Up to now, a myriad of FC modelling methods have been developed [22, 23, 24]. Namely, different regions-of-interest (ROIs) are parcellated from brain regions to estimate the BOLD time series of ROI. For example, the pairwise Pearson’s correlation (PC) among different brain regions is one of the widely applied FC modelling algorithms to construct brain regions for MCI topological properties revelation [25]. However, PC focuses on pairwise relationship only, which fails to consider the interaction among multiple brain regions [26]. By contrast, another widely applied method is to establish FC network via sparse representation (SR) [27]. This sparse estimation is based on partial correlation via regularization to construct the relationship among certain ROIs while removing other ROIs’ effects. SR network has been applied in AD and MCI by constructing brain networks [27, 28, 29]. However, the existing research not only uses inherently sparse method, but also incorporates group structure. Therefore, it is interesting to integrate both information.

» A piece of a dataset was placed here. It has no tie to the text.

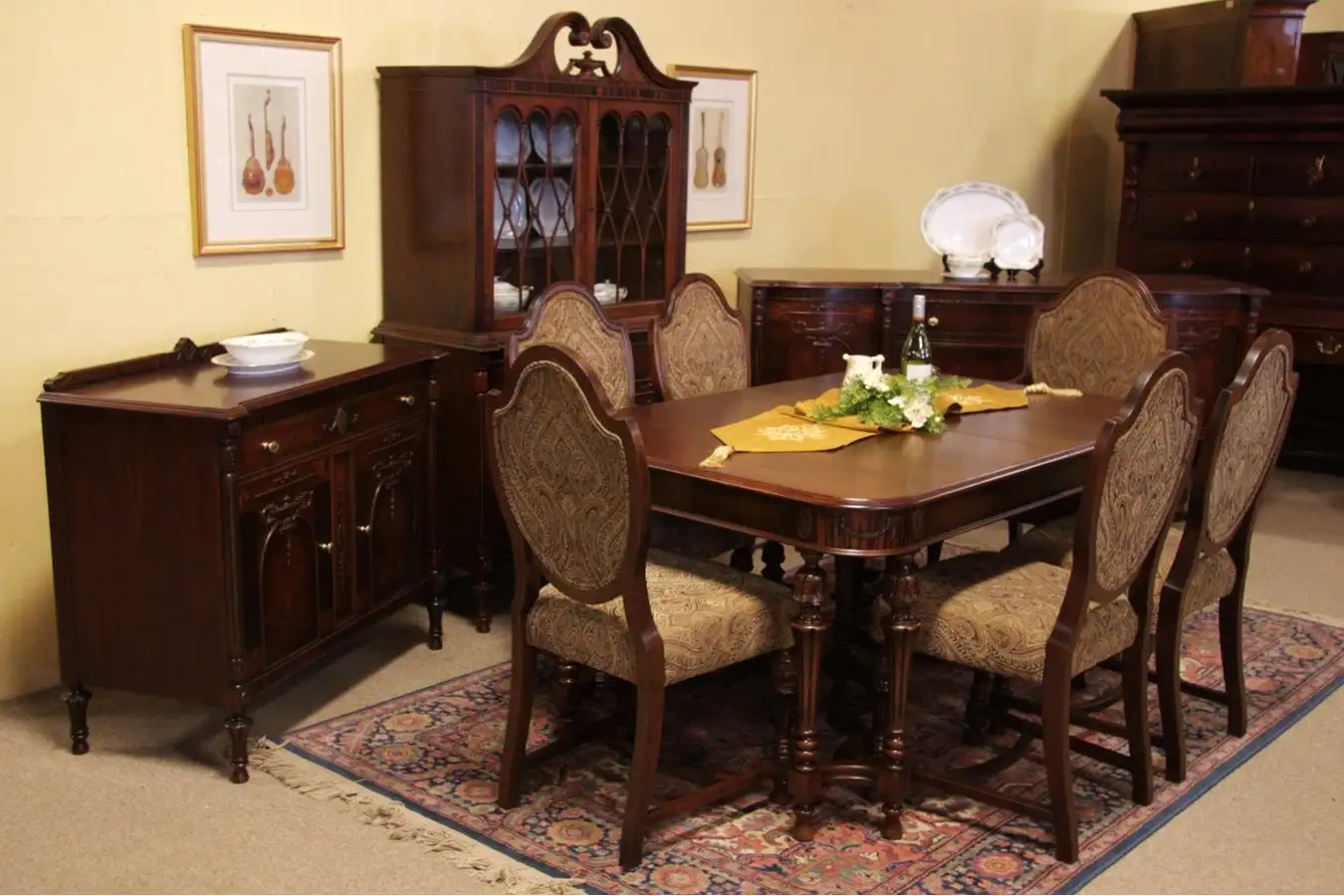 Harmonious and graceful carving adorns this 10 pc. dining set, consisting of 6 chairs, table and 2 leaves, china cabinet, sideboard and huntboard. Made of walnut with burl and rosewood accents, the finish is in excellent condition. Expertly crafted about 1925, this impeccable antique furniture has fluted legs and understated detailing.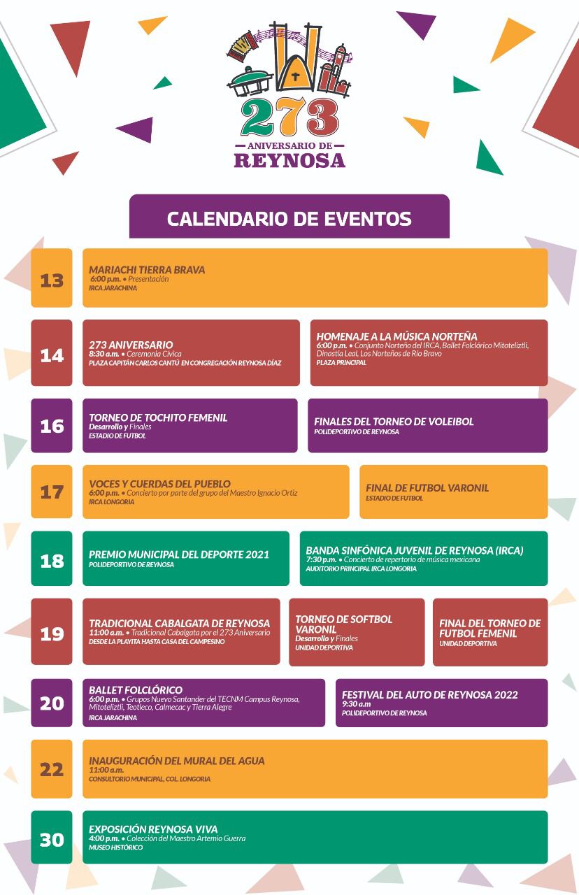 Es así como la convocatoria se extiende a los reynosenses para conmemorar y participar en este 273 aniversario.

It is known that machine learning techniques can make use of feature extracted from BFCN for MCI patient identification with a relatively high accuracy [18, 28, 30, 31, 32, 33]. Although the conventional studies mostly focused on single time point information from brain regions, it is limited due to lack of longitudinal analysis. To enhance the diagnostic performance, multiple time point networks can model disease progression comprehensively and effectively [34, 35]. In the literature, longitudinal study for disease progression modelling has become a hot topic due to its effectiveness [4, 34, 36, 37]. For example, Zhou et al. [38] proposed to model AD progression based on a novel designed convex fused learning for score prediction and achieved remarkable results. Huang et al. [34] predicted the longitudinal score using weighted random forest and obtained superior results than the traditional study. Jie et al. [36] proposed a temporal smooth framework for longitudinal score prediction. In spite of these efforts, the previous studies mainly focused on the score prediction based on MRI or PET data only [31]. It is argued that the FC network from rs-fMRI data can be more effective for disease progression study [39]. In view of this, our study concentrates on the longitudinal analysis for MCI identification via rs-fMRI data. To our best knowledge, this is the first longitudinal analysis of MCI disease modelling based on FC network of rs-fMRI data.
To characterize the complex MCI disease, we propose to develop a novel brain network model based on multi-task fused learning with smoothness constraint. Specifically, we devise a network to take advantage of relationship of successive time points. A novel framework for longitudinal functional analysis of MCI disease is developed. Moreover, we perform feature selection via the least absolute shrinkage and selection operator (LASSO) [40] to identify the most informative features, and the final selected features are fed into support vector machine (SVM) for MCI identification [41]. We evaluate our proposed method based on the Alzheimer’s Disease Neuroimaging Initiative Phase-2 (ADNI-2) database. Our experiments confirm that our method outperforms the traditional methods for MCI diagnosis.
2.Methodology
2.1Proposed framework
Figure 1 shows the flowchart of the proposed method. We preprocess multiple time points rs-fMRI data to build the FC network.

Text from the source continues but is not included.